Pruning (artificial neural network)
In the context of artificial neural network, pruning is the practice of removing parameters (which may entail removing individual parameters, or parameters in groups such as by neurons) from an existing network.[1] The goal of this process is to maintain accuracy of the network while increasing its efficiency.
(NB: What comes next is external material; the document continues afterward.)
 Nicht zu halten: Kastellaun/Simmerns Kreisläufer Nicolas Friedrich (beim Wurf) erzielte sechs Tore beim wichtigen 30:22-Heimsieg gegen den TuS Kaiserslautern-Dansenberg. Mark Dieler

This can be done to reduce the computational resources required to run the neural network.
A basic algorithm for pruning is as follows:[2][3]
- Evaluate the importance of each neuron.
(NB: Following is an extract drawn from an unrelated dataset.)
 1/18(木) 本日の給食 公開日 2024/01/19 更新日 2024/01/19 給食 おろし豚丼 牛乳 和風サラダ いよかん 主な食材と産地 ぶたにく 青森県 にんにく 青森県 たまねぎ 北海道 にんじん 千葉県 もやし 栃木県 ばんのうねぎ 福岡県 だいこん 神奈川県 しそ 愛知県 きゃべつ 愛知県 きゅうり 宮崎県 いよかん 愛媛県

- Rank the neurons according to their importance (assuming there is a clearly defined measure for "importance").
- Remove the least important neuron.
- Check a termination condition (to be determined by the user) to see whether to continue pruning.
Recently a highly pruned three layer tree architecture, has achieved a similar success rate to that of LeNet-5 on the CIFAR-10 dataset with a lesser computational complexity.[4]
References
- Blalock, Davis; Ortiz, Jose Javier Gonzalez; Frankle, Jonathan; Guttag, John (2020-03-06). "What is the State of Neural Network Pruning?". arXiv:2003.03033 [cs.LG].
- Molchanov, P., Tyree, S., Karras, T., Aila, T., & Kautz, J. (2016). Pruning convolutional neural networks for resource efficient inference. arXiv preprint arXiv:1611.06440.
- Pruning deep neural networks to make them fast and small.
- Meir, Yuval; Ben-Noam, Itamar; Tzach, Yarden; Hodassman, Shiri; Kanter, Ido (2023-01-30). "Learning on tree architectures outperforms a convolutional feedforward network". Scientific Reports. 13 (1): 962. doi:10.1038/s41598-023-27986-6. ISSN 2045-2322. PMC 9886946. PMID 36717568.